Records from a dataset
☆ ☆ ☆
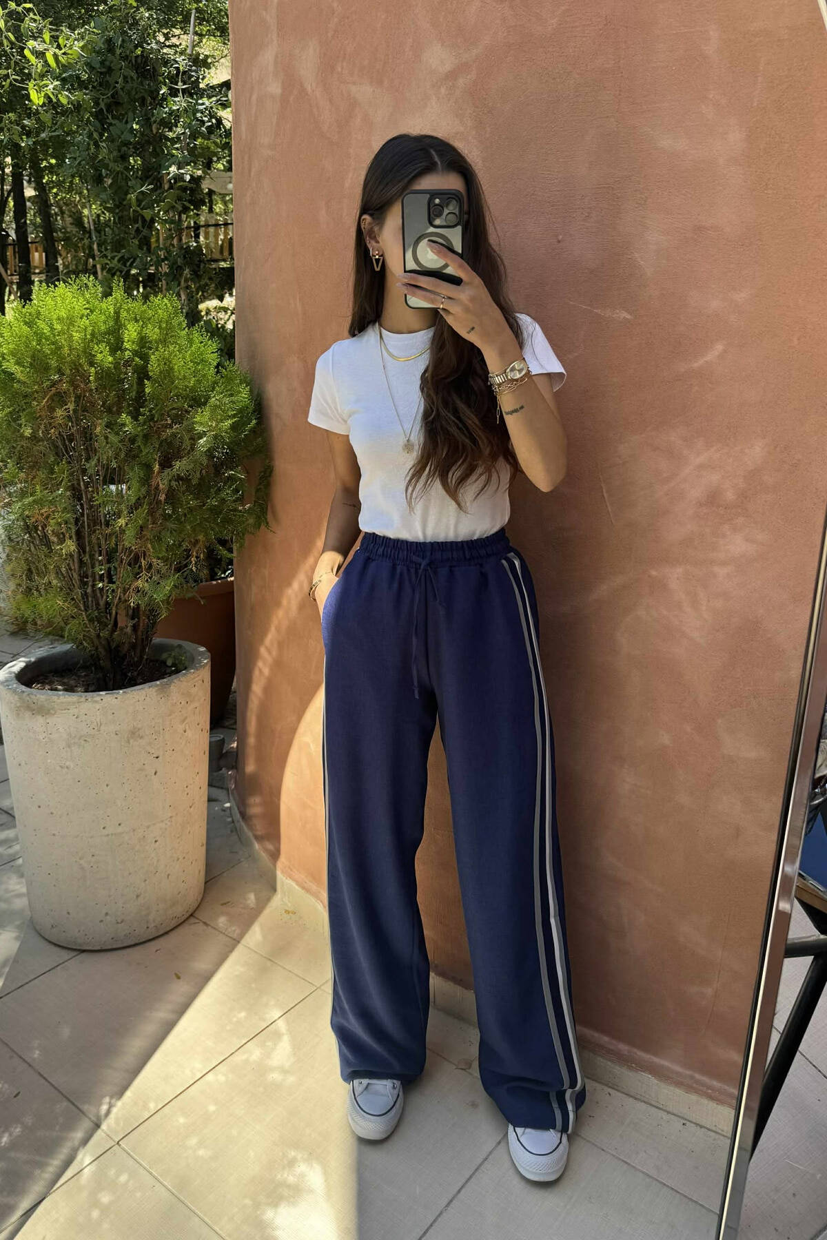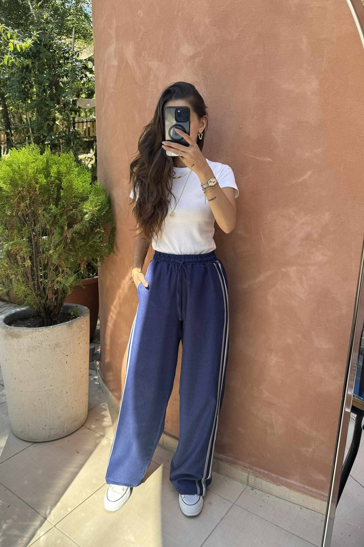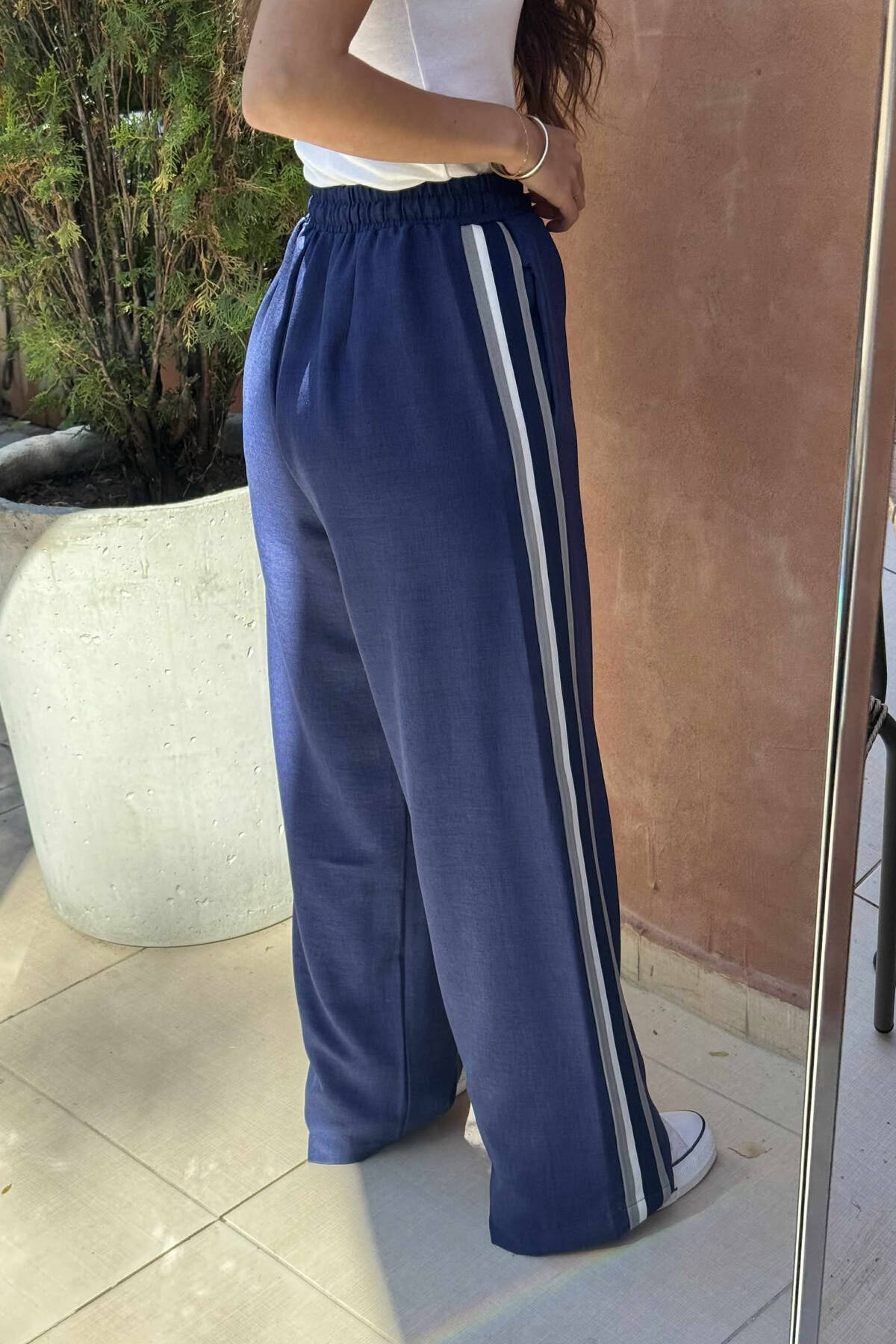 PANTALLONA TË GJERA ME VIJA ANASH PËR FEMRA NË NGJYRËN BLU
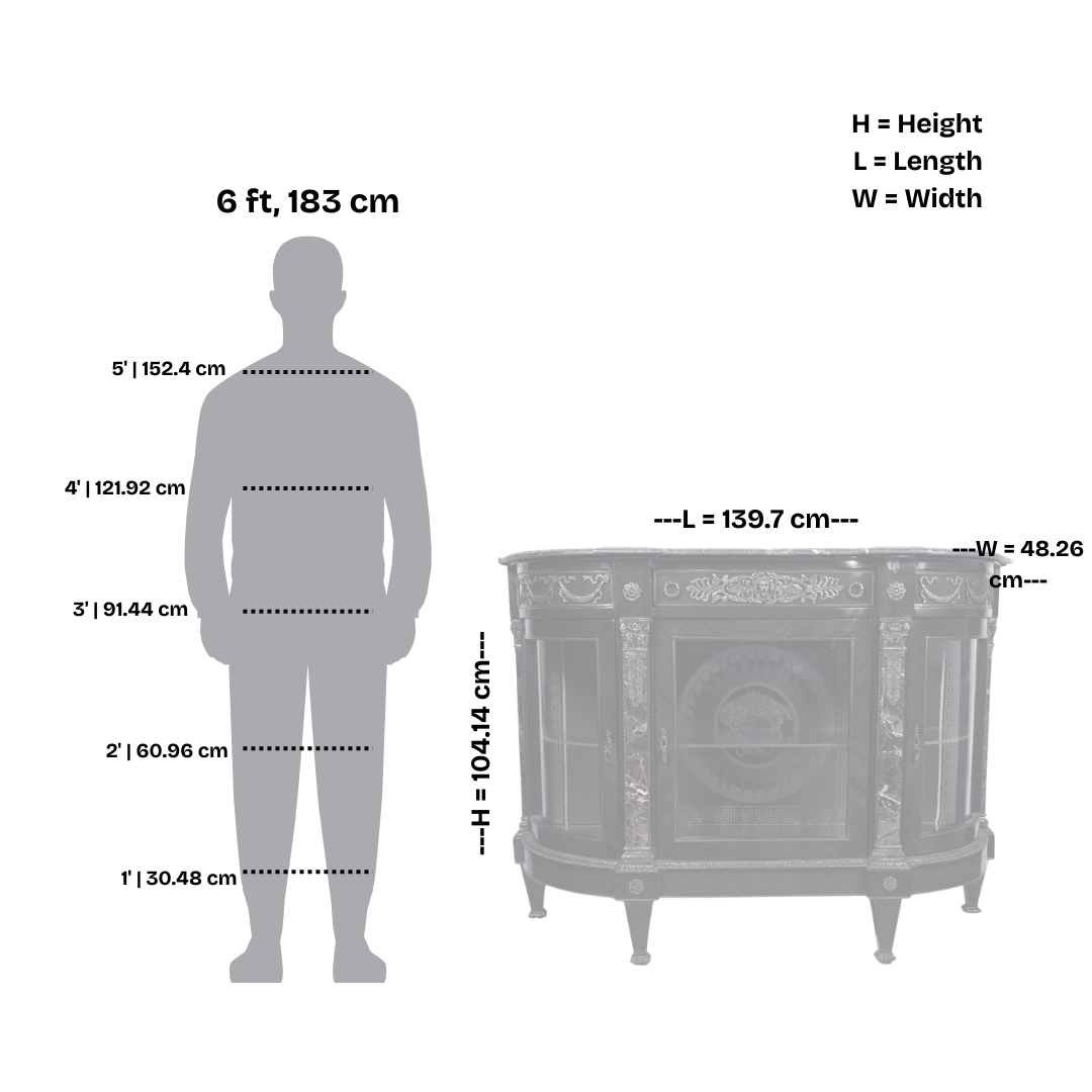 The top is finished in beautifully veined marble, making it an ideal surface to showcase a bust, floral arrangement, or statement decor. Whether placed in a formal living area, dining room, or hallway, this commode effortlessly blends display with storage, becoming the heart of any sophisticated space.
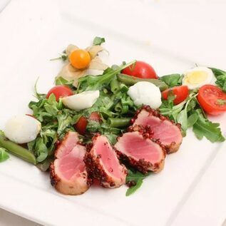 - Блюда высокого качества и кухни например такие как: салат с розовым тунцом, стейк из сёмги, овощи на гриле.
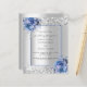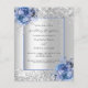 Faux arrière - plan de style argent décoré de roses bleus, fleurs et confettis. Personnalisez et ajoutez vos noms et les détails du mariage. Lettres noires. 1 feuille = 1 invite imprimé bord à bord.
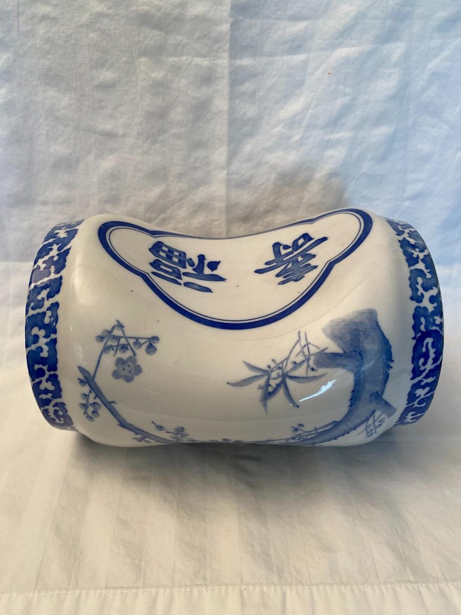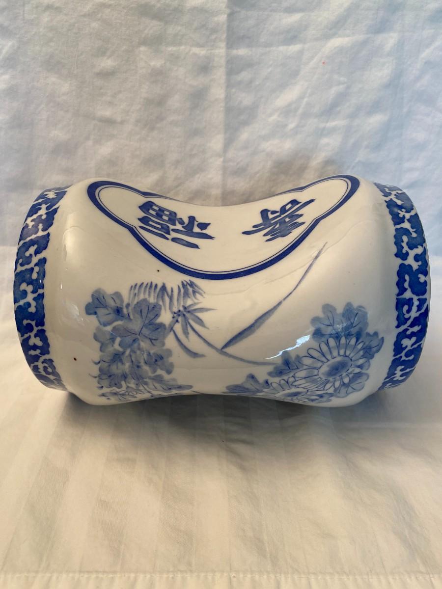 A beautiful piece of blue and white porcelain. Considered a head rest, but mostly used for home décor. A perfect addition to your blue and white collection.
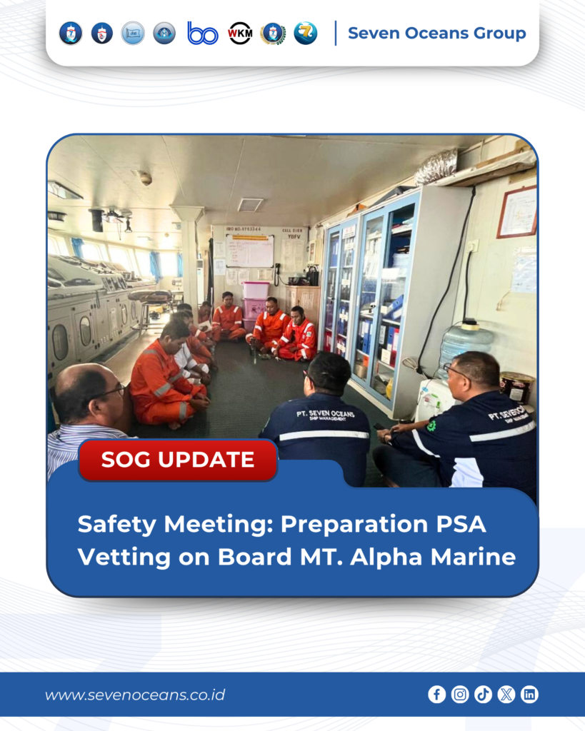 The PT. Seven Oceans Ship Management team together with the crew of MT. Alpha Marine conducted a Safety Meeting in preparation for the upcoming PSA Vetting.
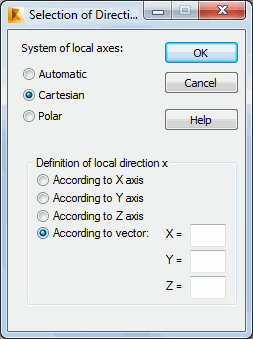 - Automatic. If selected, the local system of elements is adopted according to the system defined for each of the panels (see the description of the Local System Orientation dialog box).
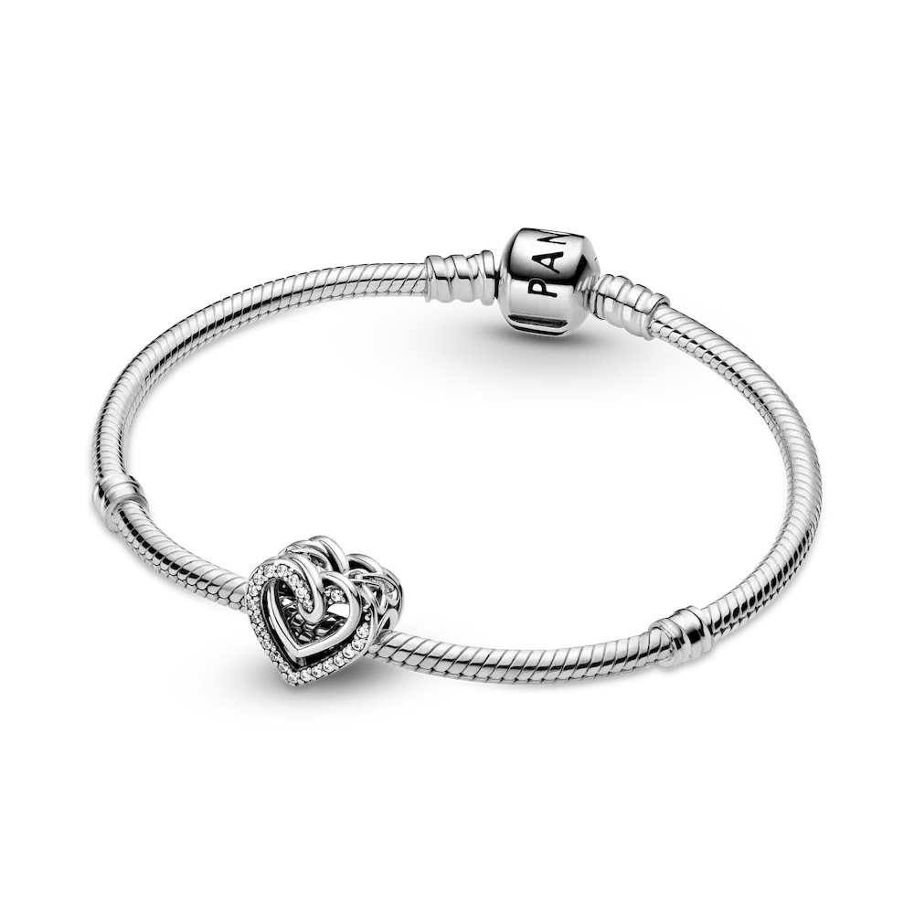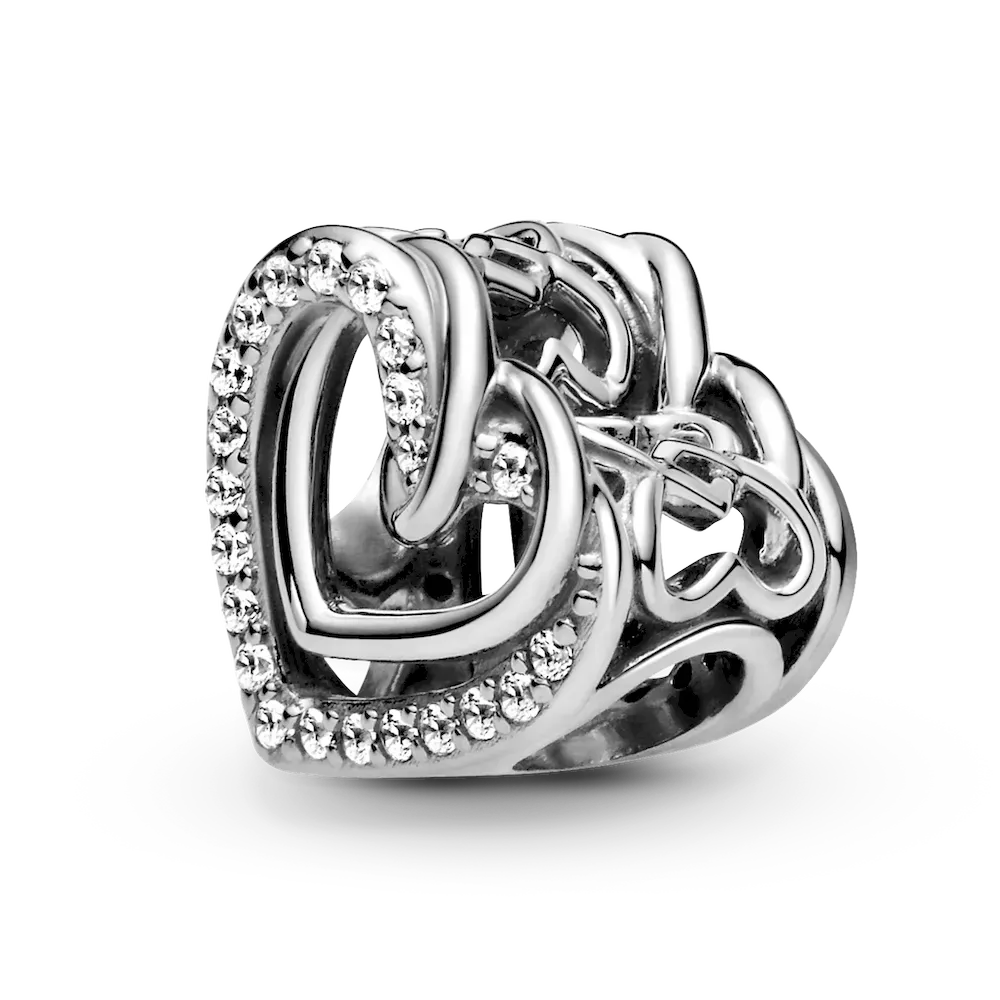 Gift a symbol of your love with the Sparkling Entwined Hearts Charm. Hand-finished in sterling silver, this design includes intertwining polished sterling silver hearts and sparkling stone-embellished hearts on the front and back. Entwined hearts also feature on the sides. Inspired by the famous love story of Romeo & Juliet, present this detailed openwork charm to someone special for Valentine’s Day.
☆ ☆ ☆
**Assigned task**
Working from the entries above, please transcribe only the lines from the line with "The PT. Seven" through the line with "- Automatic. If", exactly, with both end lines and without pictures.

**Result for this exercise**
 The PT. Seven Oceans Ship Management team together with the crew of MT. Alpha Marine conducted a Safety Meeting in preparation for the upcoming PSA Vetting.
 - Automatic. If selected, the local system of elements is adopted according to the system defined for each of the panels (see the description of the Local System Orientation dialog box).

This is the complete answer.